Notice the hands behind the back!

If you can always create a reactionary gap or close for control if someone puts a hand behind their back. (generally nothing good came come from it)

[yt]3efpU5mZWXw&mode=related&search[/yt]


----------



## arnisador (Jun 14, 2007)

Very realistic...and a good reminder. If you can't see their hands, worry.


----------



## Brian R. VanCise (Jun 14, 2007)

arnisador said:


> Very realistic...and a good reminder. If you can't see their hands, worry.


 
*Absolutely* and conversely if you need to deploy a tool make sure you do it in a way that is camoflaged.


----------



## Fang (Jun 14, 2007)

Brian R. VanCise said:


> *Absolutely* and conversely if you need to deploy a tool make sure you do it in a way that is camoflaged.


 
As an aside if you do deploy a weapon make it look like it was an accident.
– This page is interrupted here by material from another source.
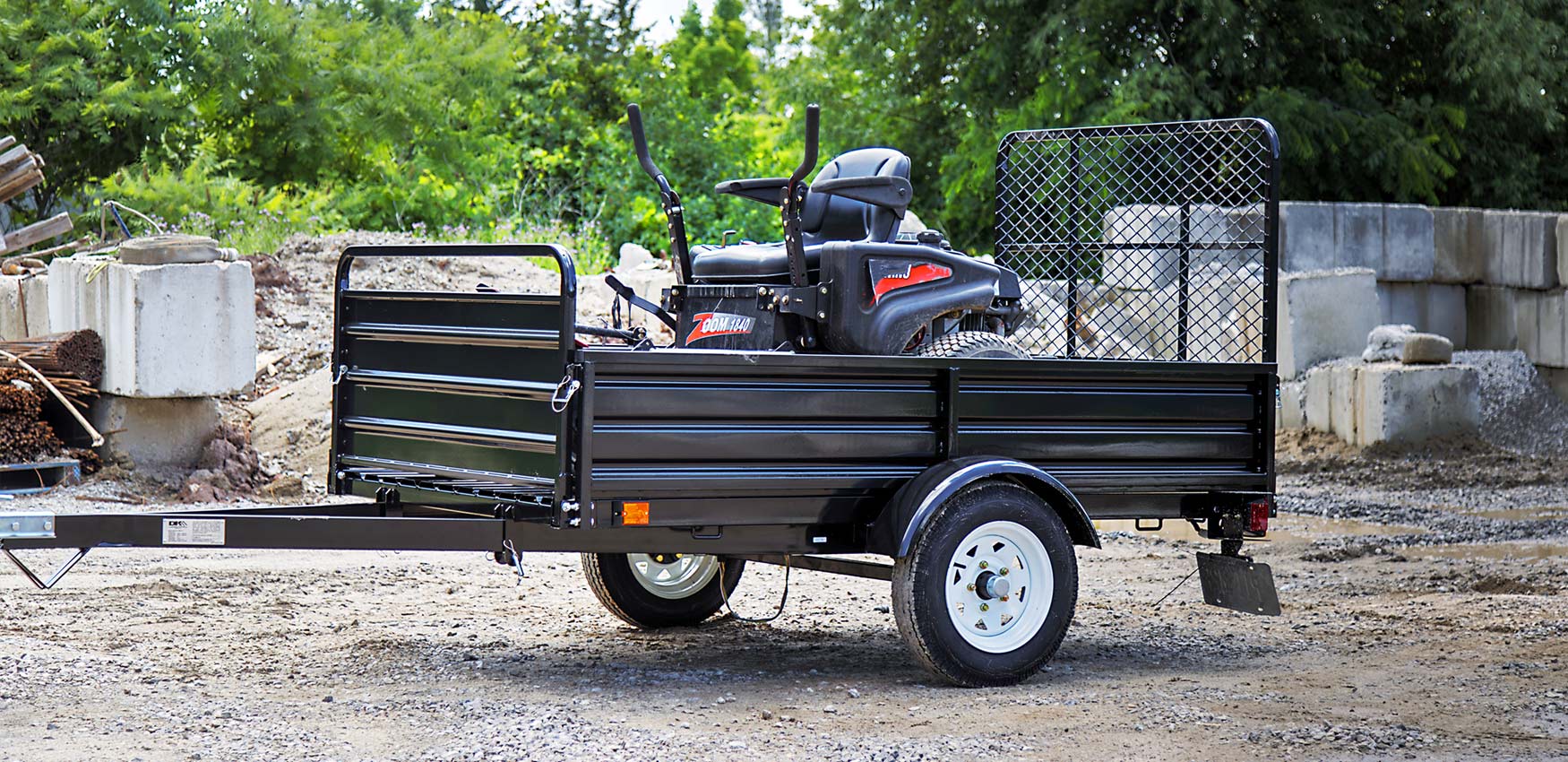 The DK2 MMT5X7G with DRIVE UP GATE is a single axle multi-utility galvanized trailer and one of the most versatile trailers on the market. Sitting on a solid square tube cambered axle with 12 in. radial tires, and a load capacity of 1,639lb.

If you flay an arm, gut and splay a neck chances are a jury will send you some grief.

(nice video)


----------



## Yari (Jun 15, 2007)

Brian R. VanCise said:


> Notice the hands behind the back!
> 
> If you can always create a reactionary gap or close for control if someone puts a hand behind their back. (generally nothing good came come from it)
> 
> [yt]3efpU5mZWXw&mode=related&search[/yt]


 

Thanks.....

Shows a good point concerning space between poeple.

/Yari


----------



## bonviet (Jun 18, 2007)

Really like this,This is where it's at! 
trained with whatever everyone calls this stuff these days, scenario based etc. it works whatever simunitions verbal drills, really takes it out of the box and into the lab i feel that any art even the most classical diehard art who did not want to change anything would learn so much from this kind of method even if they put some pads on and told their students above a certain grade to dress casual clothing one class every few weeks and run them through this not feel threatened at all . I train like this almost exclusivelythis with another person, the rest is simple tool development on thai pads bob dummy etc. Sparring i think builds bad habits sorry to say,get him
Using a good bulletman 3-4 xs a year and really go ape on the simple skills against  completely non compliant rabid assaliants plus with what you've developed along with the thinking on your feet do great! for me, i practiced palm heels and raking of the eyes then transition to ears and serious fight ending head manipulation at a slow speed on my training partners finding how to get there. worked the tool development on the bob Hard but Precise and under bigtime adrenal stress i had very very good results,in just a few weeks practice
 The one thing i see is distance too close! i would've have tried to take more, but it's like money the more we could have the better how much we have in our pocket right now...is what we have to deal with. Really liked you site also.
thanks
 bon


----------